▶ [Material supplied]:
● ● ● ●
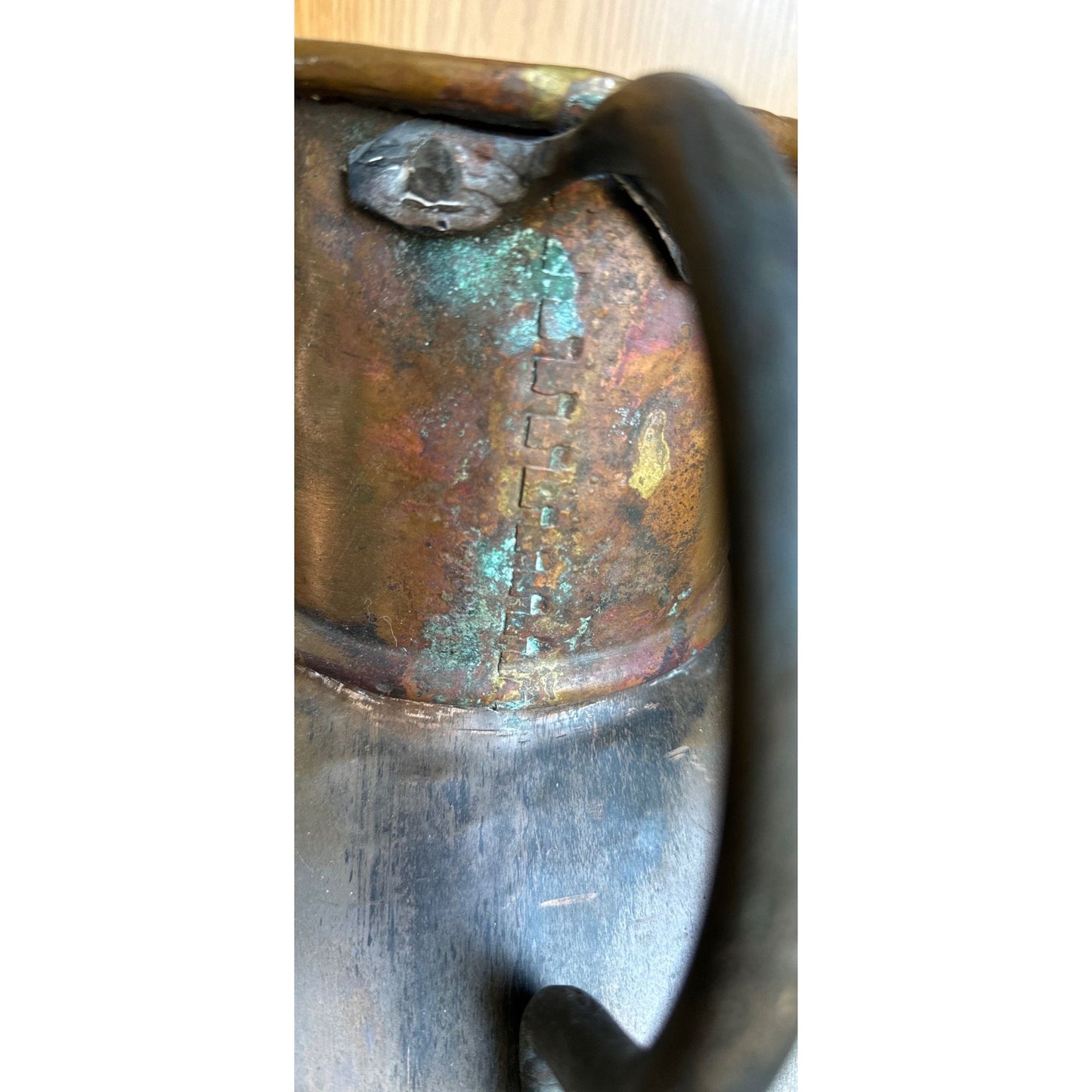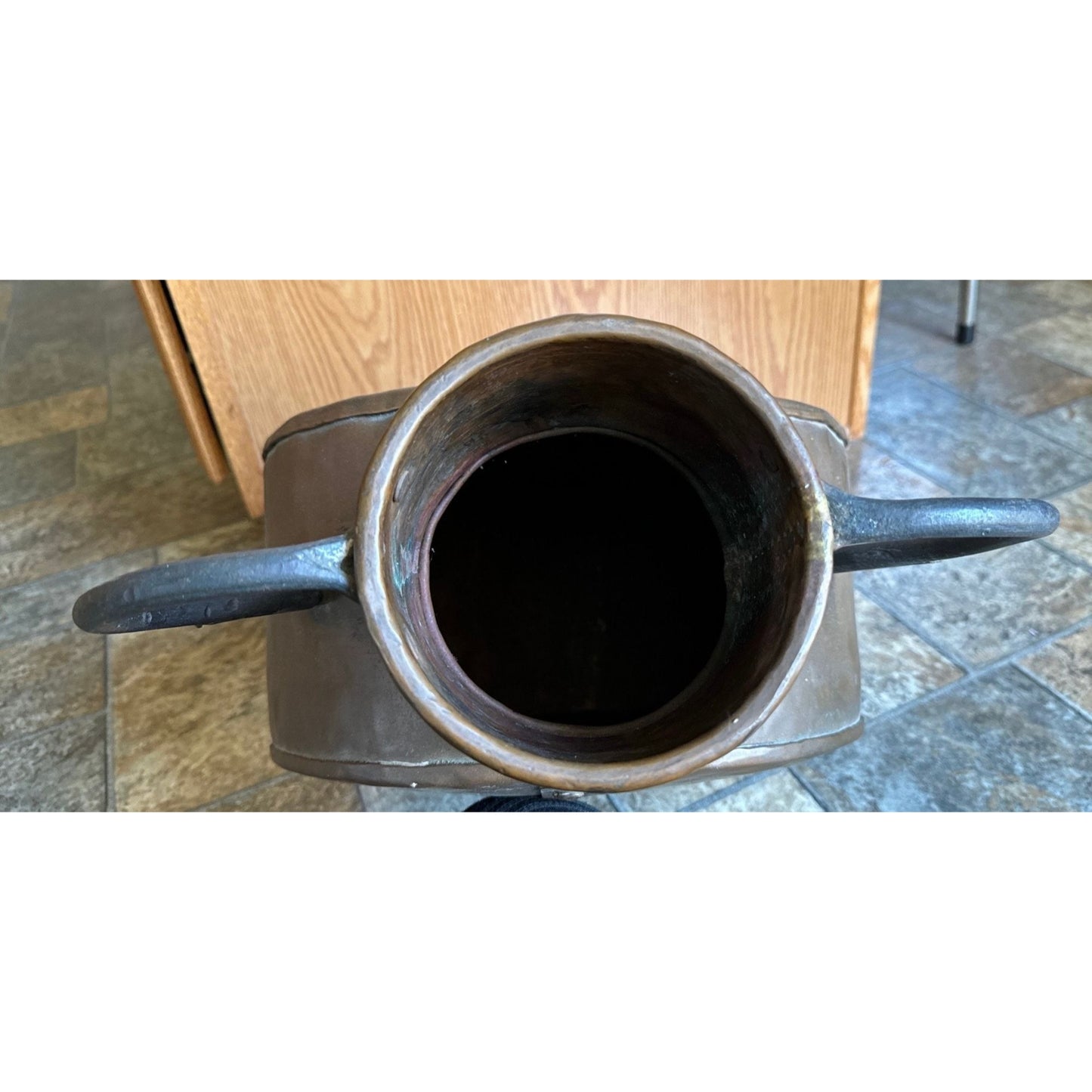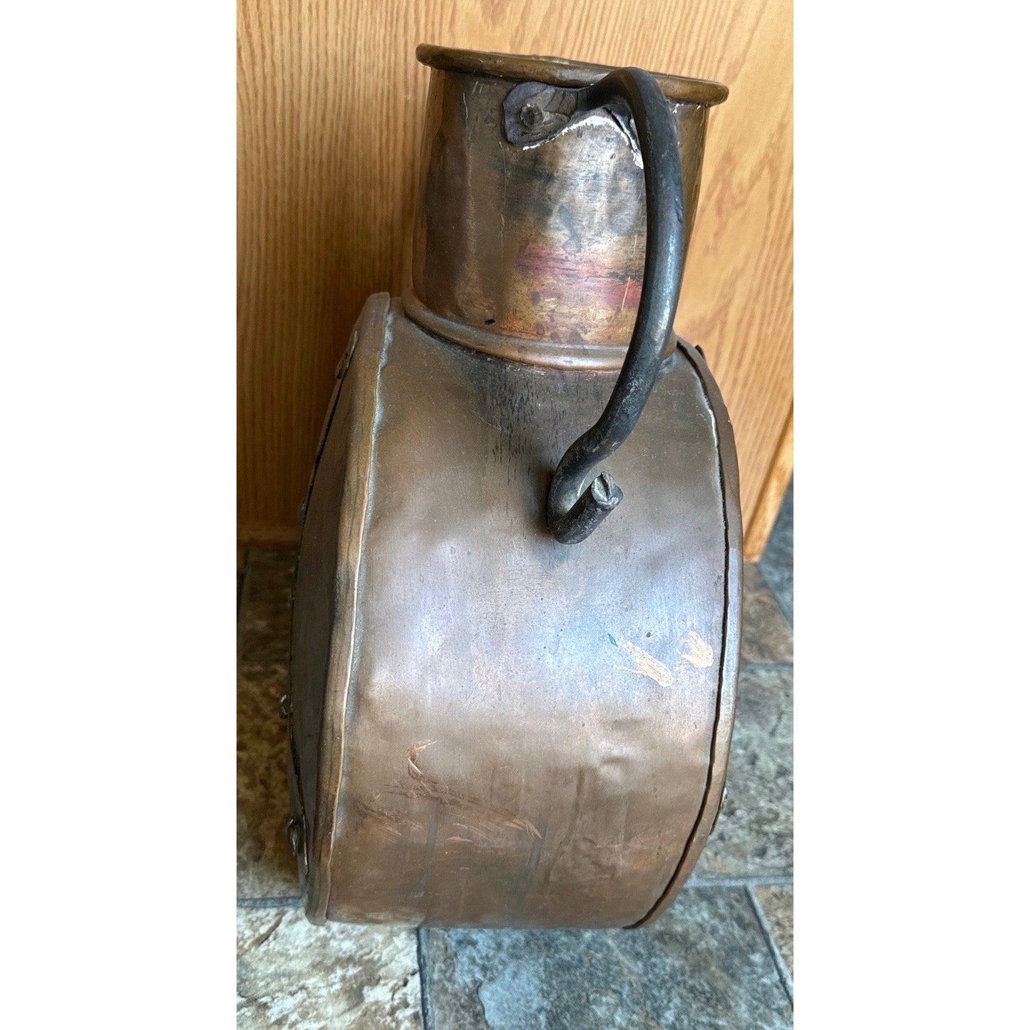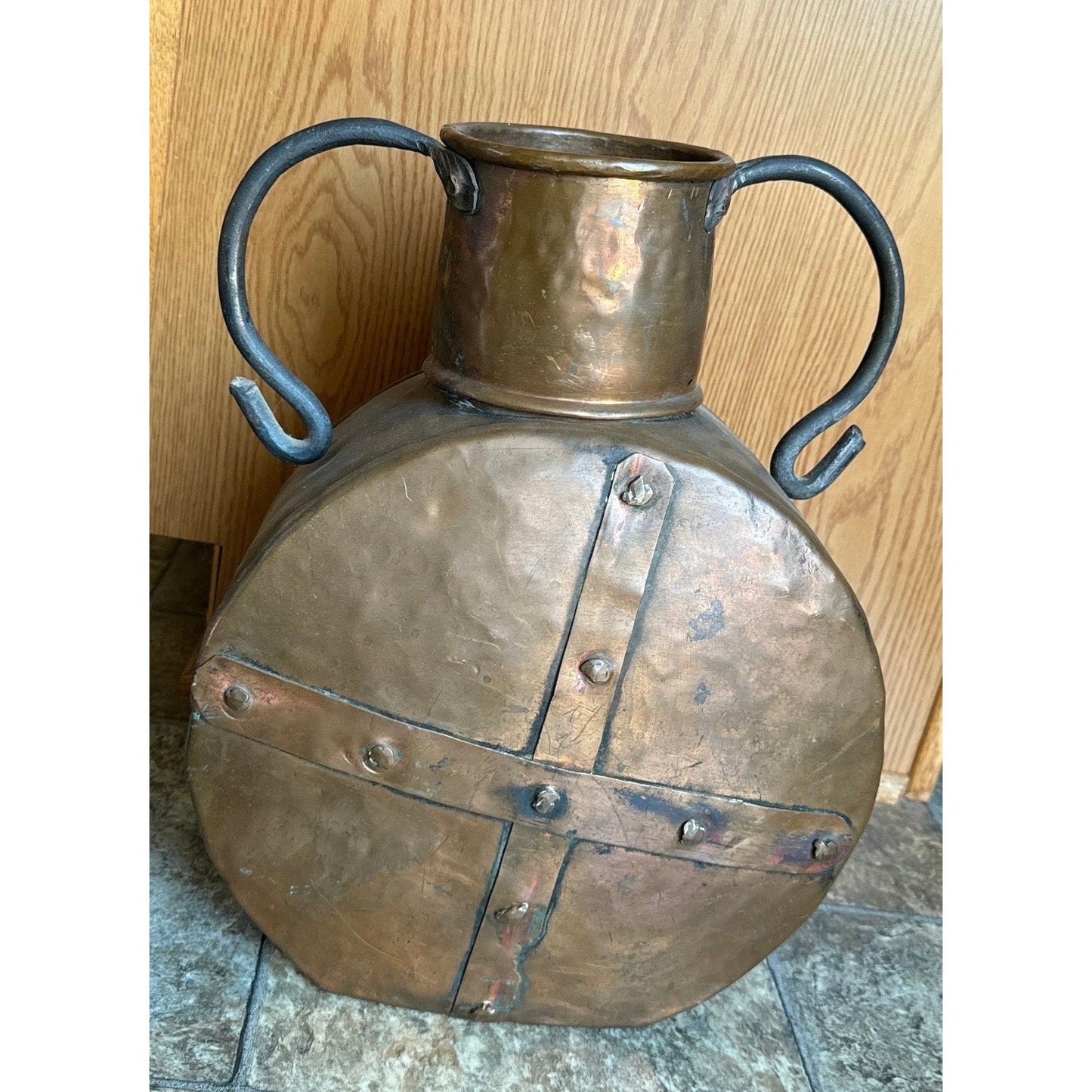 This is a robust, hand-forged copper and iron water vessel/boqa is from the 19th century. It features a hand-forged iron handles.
● ● ● ●
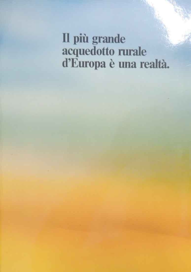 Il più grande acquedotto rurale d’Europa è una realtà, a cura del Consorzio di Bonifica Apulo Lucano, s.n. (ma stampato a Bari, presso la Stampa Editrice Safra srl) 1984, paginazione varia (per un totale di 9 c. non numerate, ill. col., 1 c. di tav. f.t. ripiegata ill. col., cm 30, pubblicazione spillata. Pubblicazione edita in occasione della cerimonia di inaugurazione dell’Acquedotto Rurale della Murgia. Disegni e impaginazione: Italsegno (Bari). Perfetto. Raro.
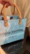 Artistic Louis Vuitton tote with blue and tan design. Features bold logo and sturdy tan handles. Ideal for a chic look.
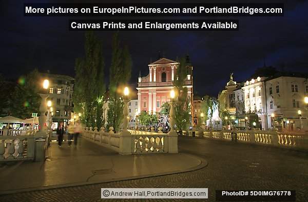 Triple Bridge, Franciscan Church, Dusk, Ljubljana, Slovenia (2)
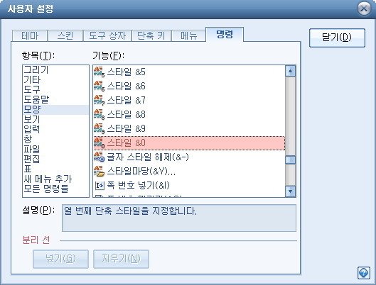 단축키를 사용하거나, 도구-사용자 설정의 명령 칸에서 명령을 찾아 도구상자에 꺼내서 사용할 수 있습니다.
● ● ● ●
▶ [Task objective]: After locating the line containing "Triple Bridge, Franciscan" in the entries above, return it and every line after it exactly, ending at the line containing "단축키를 사용하거나, 도구-사용자", without pictures.

▶ [Answer section]:
 Triple Bridge, Franciscan Church, Dusk, Ljubljana, Slovenia (2)
 단축키를 사용하거나, 도구-사용자 설정의 명령 칸에서 명령을 찾아 도구상자에 꺼내서 사용할 수 있습니다.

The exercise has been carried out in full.